Он был так не похож на того Картона, каким он всегда старался казаться, и так грустно было сознавать, как много хорошего загублено в нем, и как он изо дня в день калечит и заглушает в себе все хорошее, что Люси Манетт не могла удержаться от слез.
— Утешьтесь, я не стою таких добрых чувств, мисс Манетт, — промолвил он. — Пройдет час-другой, и мной опять завладеют мои низкие страсти, меня опять потянет в ту же гнусную компанию, и как бы я все это ни презирал, я не буду этому противиться. Не плачьте, я не стою ваших слез; какой-нибудь несчастный нищий на улице больше заслуживает вашей жалости, чем я. Но в глубине души я, думая о вас, буду всегда таким, каким вы меня узнали сегодня, хотя внешне я останусь тем же, чем был раньше. Мне бы только хотелось, чтобы вы верили этому, мисс Манетт.
— Я верю, мистер Картон.
— И вот, наконец, моя последняя просьба к вам, после чего я освобожу вас от посетителя, с которым у вас не может быть ничего общего, ведь я понимаю, что между мной и вами лежит непроходимая пропасть.
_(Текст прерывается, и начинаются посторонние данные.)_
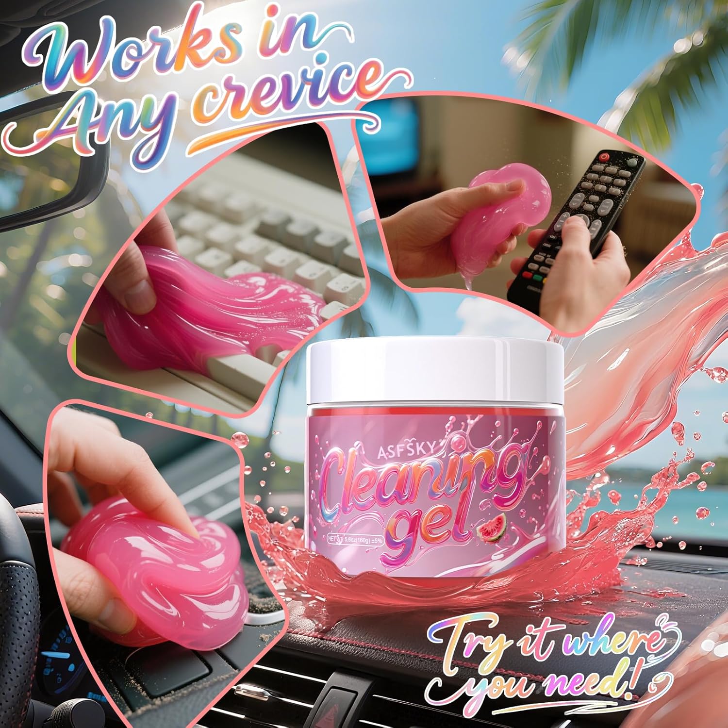 - EFFECTIVE CLEANING WITH STRONG CLEANING POWER.Tired of dust and debris lingering in those hard - to - reach corners?Our brand - new 160g Fruit - scented cleaning gel is here to save the day!This gel is soft and incredibly effective, grabs hold of dust and garbage in air vents, office keyboards, and home blinds' gaps,also for home and office use, cleaning putty for electronics, computer keyboard, laptops, cell phone, calculator, TV remote and furniture.
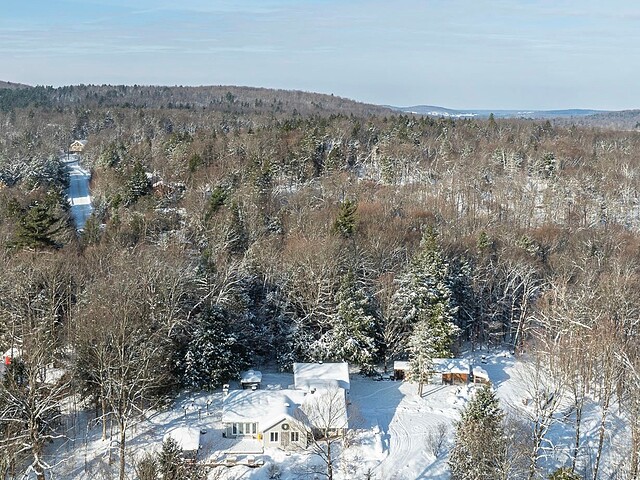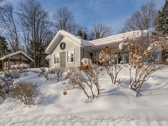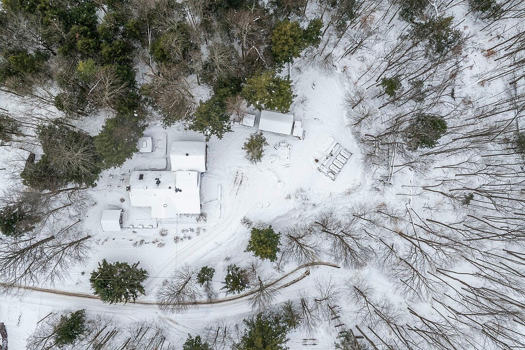 Située au bout d'une rue sans issue et à flanc de montagne, cette propriété bénéficie d'une intimité inégalée ainsi que d'une splendide vue hivernale sur la montagne.
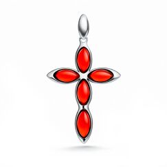 Kreuz Anhänger aus 925 Silber mit Kirschbernstein
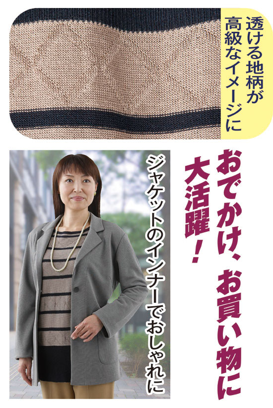 ミセスに人気の地柄ボーダープルオーバー(3色組) (55164-030 ~ 55164-050)
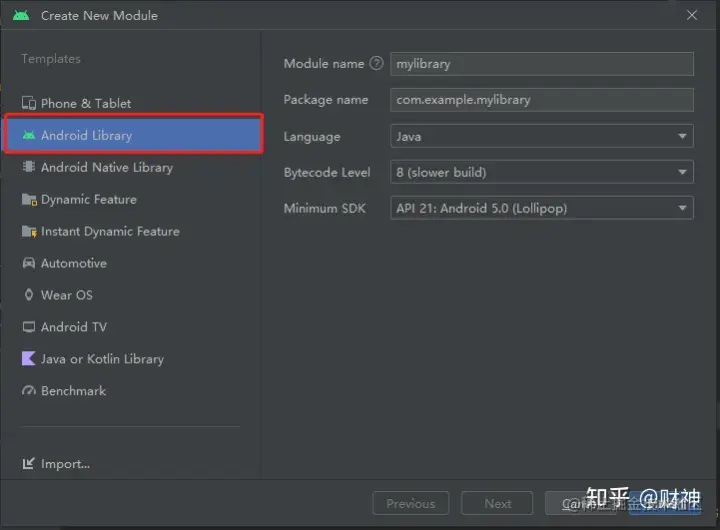 - new Modules 时选择 Android Library
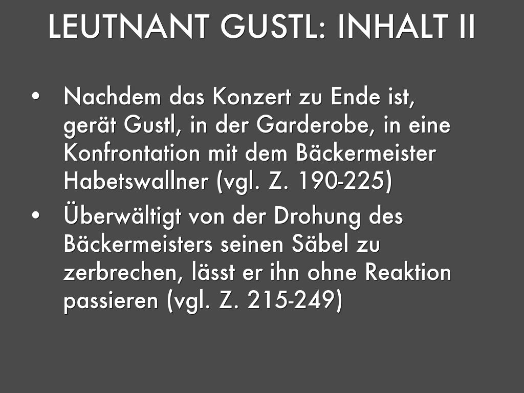 - Nachdem das Konzert zu Ende ist, gerät Gustl, in der Garderobe, in eine Konfrontation mit dem Bäckermeister Habetswallner (vgl. Z. 190-225)
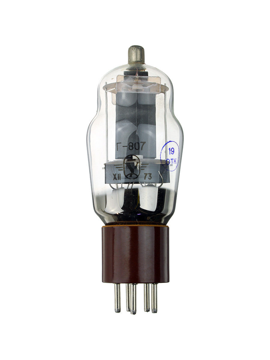Генераторный лучевой тетрод Г-807 с оксидным катодом косвенного накала в стеклянном баллоне со специальным цоколем и естественным воздушным охлаждением.

Не надо бы и говорить об этом, но так уж оно само рвется из души. Для вас, мисс Манетт, и для тех, кто вам дорог, я готов сделать все, все на свете! Если бы я занимал какое-то положение и мне представилась возможность пожертвовать для вас чем-то, я с радостью пошел бы на любую жертву для вас и для ваших близких. Вспомните обо мне когда-нибудь в тихую минуту как о человеке, неизменно преданном вам всей душой. Придет время, и оно уже недалеко, когда новые милые и сладостные узы, самые драгоценные и прочные, привяжут вас еще сильнее к вашему дому, в который вы вносите столько радости. О мисс Манетт, когда в личике малютки, прижавшемся к вам, вы будете находить черты счастливого отца, когда в невинном создании, играющем у ваших ног, вы увидите отражение собственной светлой красоты, вспоминайте иногда, что есть на свете человек, который с радостью отдал бы жизнь, чтобы спасти дорогое вам существо.
Прощайте! Да благословит вас бог! — еще раз промолвил он и исчез.
Глава XIV
Честный ремесленник
Перед глазами мистера Джеремайи Кранчера, восседавшего на табурете на Флит-стрит, рядом со своим страшноватым отпрыском, каждый день двигалась пестрая, шумная, многолюдная толпа. Какой человек, просидев несколько часов на Флит-стрит во время дневной сутолоки — посадите его на что угодно, — не почувствовал бы себя оглушенным и не одурел бы от этого непрерывного движения двух бесконечных потоков: один из них неизменно устремлялся вместе с солнцем на запад, другой неизменно катился прочь от него, на восток, но оба они в конце концов стремились в те дальние дали за пределы пурпурного марева зари, за которым скрывается солнце.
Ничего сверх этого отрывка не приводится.